By Bob Allen
Christopher Ryan Crossno, 22, a former Sunday school teacher at Spring Creek Baptist Church in Clarksville, Tenn., was indicted by the January 2013 Montgomery County Grand Jury on one count of aggravated sexual battery.
A press release said the Clarksville Police Department received a Department of Children’s Services referral Nov. 19 alleging that a day before, a Sunday school teacher had had inappropriate contact with a 6-year-old female while on the church property.
It’s the same church where 24-year-old Jonathan Tyler Giles served as a youth pastor before his arrest in June 2009 on three counts of statutory rape by an authority figure, two counts of solicitation of minor and sexual battery by an authority figure involving three teenage girls who attended Spring Creek Baptist Church.
Giles pleaded guilty in January 2011 in a plea bargain reached to keep victims from having to testify in court.
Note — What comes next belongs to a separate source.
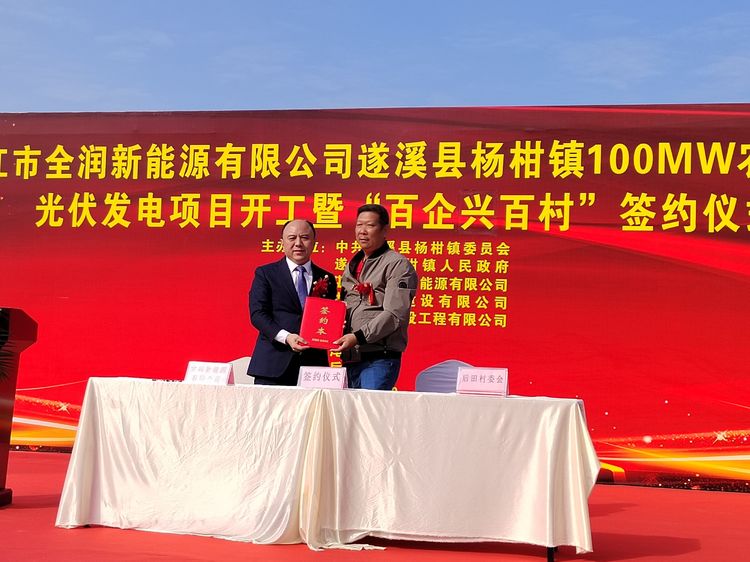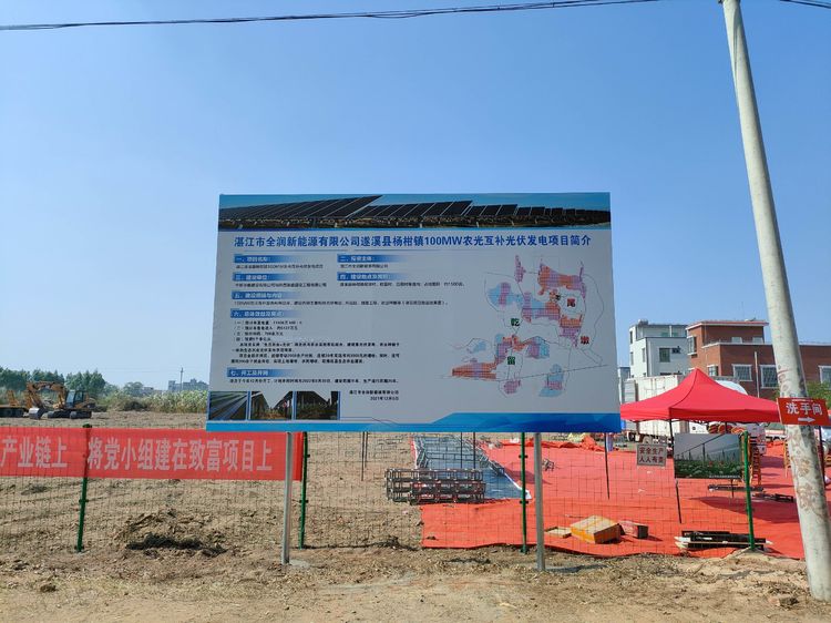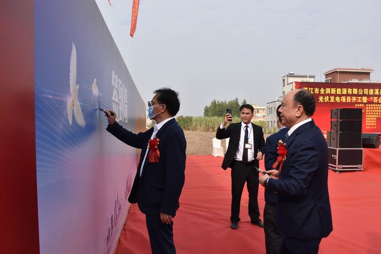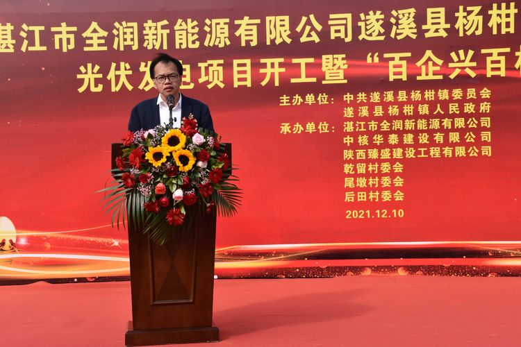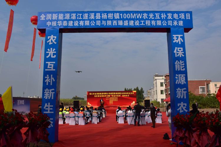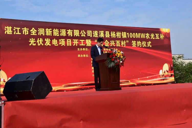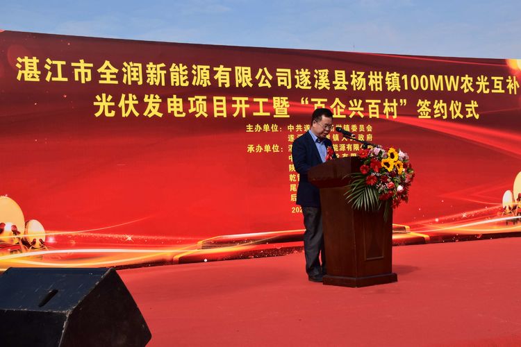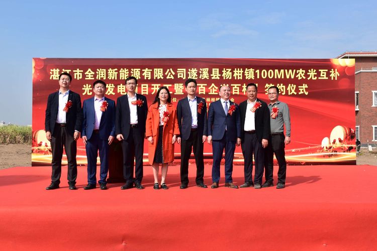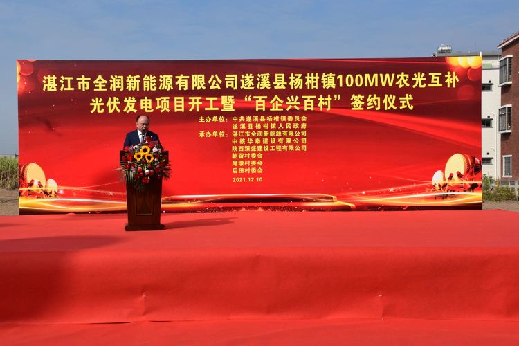 2021年12月10日,湛江市全潤新能源有限公司遂溪縣楊柑鎮(zhèn)100MW農(nóng)光互補(bǔ)光伏發(fā)電項(xiàng)目開工暨“百企興百村”簽約儀式在尾墩村委會(huì)田頭新村舉行。這是楊柑鎮(zhèn)委鎮(zhèn)政府貫徹落實(shí)中央和省市縣碳達(dá)峰碳中和決策部署的行動(dòng)舉措,也是楊柑鎮(zhèn)實(shí)施鄉(xiāng)村振興戰(zhàn)略推進(jìn)駐鎮(zhèn)幫鎮(zhèn)扶村工作的又一重大成果。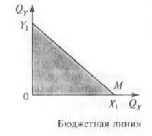 Бюджетное пространство представляет собой всю доступную потребителю область выбора. На рисунке это заштрихованный треугольник, ограниченный бюджетной линией и осями координат. Линия бюджетного ограничения в самом простом случае описывается уравнением

He was sentenced to two years in prison and placed on a post-trial diversion allowing him to avoid jail time if he completed 240 hours of public service, lived with his parents out of town and stayed in school.
After his indictment, Crossno was booked into the Montgomery County Jail on Jan. 10 with a $10,000 bond.
Spring Creek Baptist Church is affiliated with the Southern Baptist Convention, Tennessee Baptist Convention and Cumberland Baptist Association. The Tennessee legislature passed a resolution on the church’s 200th anniversary that described Spring Creek Baptist Church as “a shining example to all churches.”
The Tennessee Baptist Convention newspaper Baptist and Reflector featured the congregation in a 2010 story about its sports-based ministry to children of military families at nearby Fort Campbell.
Spring Creek Baptist Church is the second Tennessee Baptist congregation in recent weeks to receive unwanted publicity about alleged clergy sexual misconduct with youth. The youth director at North Fork Baptist Church in Shelbyville, Tenn., 36-year-old Joseph Todd Neill, was arrested Jan. 3 on charges of statutory rape and sexual abuse by an authority figure involving a 17-year-old female member of the church youth group.
A Shelbyville Times-Gazette story published Jan. 8 said Neill texted the girl for several months and became close to her family before seducing her around the first of the year. The newspaper also published a letter to the editor Jan. 10 that questioned the police investigation.
“Sorry, but there are too many unknowns here, I think, to run with a story like this about a guy who has by all accounts shown great character his entire life and volunteered so much of his time, money and self to benefit kids and the community,” wrote John Barber of Knoxville. “I have witnessed firsthand the selfless benevolence Todd has given of his life — through building houses in hurricane-ravaged New Orleans to feeding and meeting with homeless folks at area soup kitchens.
“The real story is how Tennessee statutes do not differentiate between a girl who is 13 years and one day old and a girl who is four months from being 18, and how an allegation by a possibly love-sick near-18-year-old woman can cause a good man to immediately forfeit $10,000 to the [court system] in order to pay bond. Ten grand. [For] allegations that may through the judicial process be proven completely false (or, at worst, overly-exaggerated),” said Barber.